Michael Portillo believes that a future Tory government, like those that came before it, will not succeed in cutting public spending. I agree with Pete: public finances are so parlous that cuts have to be made. Demolishing the state is not an overnight job; it will take time and cost money, and so it should because the stakes are too high for a quick fix, cowboy politics solution. But, immediate savings are to be made through efficiencies.
‘Efficiency savings’ are derided as being insubstantial. Such an analysis is simplistic. Endemic waste is perpetuated by irrational systems. The Department for Work and Pensions runs an administrative budget of £2.7bn. That is colossal – half an aircraft carrier’s worth of pens, paperclips and endless forms, which trap claimants in the world’s most complicated welfare system. Rationalisation is the order of the day and Iain Duncan Smith’s dual benefit reform provides the answer to the welfare conundrum and gives £3.7bn in annual savings.
If anything that figure is modest: other savings will be made through simplifying the system. An unpublished internal DWP report estimates that £900m is wasted every year by claimants miscalculating their entitlement. Streamlining benefits would significantly reduce the chances of confusion arising. The same report found that nearly £900m is lost through deliberate fraud. The current welfare monolith is easier to exploit than a gaggle of inquisitive convent girls; reform should close loopholes and ease the pursuit of benefit thieves.

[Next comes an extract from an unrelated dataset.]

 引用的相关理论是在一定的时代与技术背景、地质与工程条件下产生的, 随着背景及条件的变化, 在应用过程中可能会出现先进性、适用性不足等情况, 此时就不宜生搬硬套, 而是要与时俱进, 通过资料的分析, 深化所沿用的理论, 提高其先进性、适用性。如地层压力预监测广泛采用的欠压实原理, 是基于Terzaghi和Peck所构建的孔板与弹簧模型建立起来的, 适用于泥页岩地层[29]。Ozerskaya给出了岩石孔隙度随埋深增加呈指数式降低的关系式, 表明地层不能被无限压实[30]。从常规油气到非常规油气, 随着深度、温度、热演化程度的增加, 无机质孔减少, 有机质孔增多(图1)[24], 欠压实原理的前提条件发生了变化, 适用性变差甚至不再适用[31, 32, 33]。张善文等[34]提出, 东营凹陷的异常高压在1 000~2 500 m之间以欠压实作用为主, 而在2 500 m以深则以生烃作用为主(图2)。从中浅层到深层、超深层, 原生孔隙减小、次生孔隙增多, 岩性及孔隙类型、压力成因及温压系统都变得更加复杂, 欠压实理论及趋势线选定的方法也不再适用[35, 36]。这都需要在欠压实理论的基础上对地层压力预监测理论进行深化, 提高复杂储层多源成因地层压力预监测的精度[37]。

Possible efficiency savings at the DWP don’t end there. A separate report estimates that administrative incompetence, which the authors sweetly term ‘silly mistakes’, cost the taxpayer £2bn per year. Along with death and taxes, incompetence is one of life’s certainties, but £2bn is several cock-ups too many. Tackling entrenched public sector incompetence and the recalcitrant civil service make Francis Maude’s provocative civil service reforms necessary to enable essential and cost effective public service reform, all the Tories need do is adopt IDS’ idea and get tough on inefficiency.